U.S. soldier killed in suicide attack

BAGHDAD Two Iraqi contractors working at the base in Tamim province also were wounded, according to a brief statement from the military.

Tamim has a mixed population of Arabs, Kurds and Turkomen, with the oil-rich city of Kirkuk as its capital. Three American soldiers were killed last Wednesday by gunfire in Tamim.

Brig. Sarhat Qadir, a senior officer in the Kirkuk police department, said the bomber targeted a U.S. patrol base in a mostly Sunni Arab residential area in Rashad, about 25 miles southwest of Kirkuk.

The suicide attacker rammed his vehicle into blast walls outside the gates of the small U.S. base, located in a residential neighborhood of Sunni Arabs, Qadir said. He added that the explosives were concealed under tanned animal hides.

Earlier, the U.S. military issued a statement saying an American soldier died late Saturday when his vehicle was struck by a roadside bomb in eastern Baghdad.

At least 4,094 members of the U.S. military have died in the Iraq war since it began in March 2003, according to an Associated Press count.

In Baghdad, four police recruits were killed in a blast at the National Police headquarters, authorities said.

Another 22 people were wounded near the building's gate where recruits were gathering, they said. Police gave conflicting reports about whether the attack used mortars or a roadside bomb.

A mortar shell landed just outside Baghdad's Green Zone on Sunday, killing three civilians and wounding seven others, police said. The mortar was apparently targeting the Defense Ministry, which is inside the U.S.-guarded diplomatic zone, but fell short, they said.

Mortar and rocket attacks were once a daily occurrence in the Green Zone in central Baghdad, but have fallen off in recent weeks.

Another civilian was killed by a roadside bomb Sunday in northern Baghdad, police said. Five others were wounded in the attack, which took place about 100 yards from the Turkish Embassy. The target was believed to be a passing police patrol and not the embassy building.

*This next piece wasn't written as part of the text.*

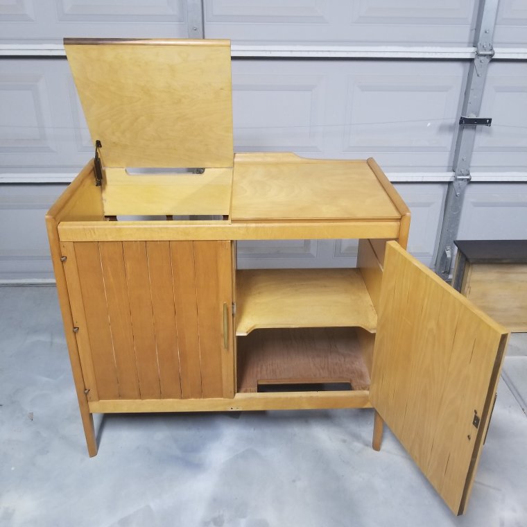 When you find the right sized piece for your home but don’t need the broke record player that’s in it, take it out and add a shelf! This perfect little record player stand has been upcycled and turned into a sideboard for my clients dining room.

Meanwhile, six shepherds were killed execution-style before dawn Sunday by suspected militants linked to al-Qaida masquerading as fellow herders east of Baghdad, police said.

The killings took place in a sprawling desert area where such militants are believed to have sought refuge after U.S.-Iraqi offensives against them in western Anbar province and in Baghdad, police said.

In Basra, Shiite extremists fired 10 rockets Sunday morning at the British base at the city's airport in the first attack there in nearly a month. No casualties were reported, but the attack raised concern that Shiite militias were trying to regroup after U.S. and British-backed Iraqi forces gained control of the city from extremists.

The U.S. command also announced that American soldiers in Baghdad captured an Iraqi arms dealer and "assassination squad" leader responsible for trafficking Shiite extremists in and out of neighboring Iran for training.

The arrest followed long-standing U.S. allegations that Iran arms, trains and funds Shiite Muslim militiamen inside Iraq - charges that Tehran denies. The arrest also coincided with a two-day visit to Iran by Iraqi Prime Minister Nouri al-Maliki, his second such trip in a year.

The Iraqi prime minister, himself a Shiite, is struggling to keep Washington happy while reassuring Iran, the largest Shiite nation, that a proposed U.S.-Iraqi security agreement would not make his country an American launching pad for attacks on Iran.

U.S. arrests against Shiite militiamen with alleged ties to Iran was likely to be on the agenda for al-Maliki's talks with Iranian officials.

U.S. soldiers, acting on intelligence from other Shiite militiamen already in custody, captured the Basra-based "special groups" leader late Saturday at a hideout in eastern Baghdad, according to a military statement.

"The wanted man is alleged to be a commander of an assassination squad in Basra, an arms dealer with connections to Iran and a document counterfeiter," the statement said.

He also arranges transportation of criminals into Iran for training, and then back into Iraq, it said. One of the leader's aides was also arrested without incident.

The U.S. military uses the term "special groups" to describe Shiite fighters defying a cease-fire order from anti-American cleric Muqtada al-Sadr, whose militiamen fought American and Iraqi forces for seven weeks until a May truce.

The military said in another statement that it captured six more suspected Sunni extremists Sunday in the northern city of Mosul, including an alleged al-Qaida in Iraq leader and another man who is a wiring expert in charge of a bombing cell there.

Two women were injured when American soldiers "breached the door of a target building" during the arrest raid, the statement said. Both were treated at the scene and then transported to an Iraqi hospital, it said.

Mosul is believed to be one of the last urban strongholds of al-Qaida in Iraq, and U.S. and Iraqi forces have battled with militants there in recent months.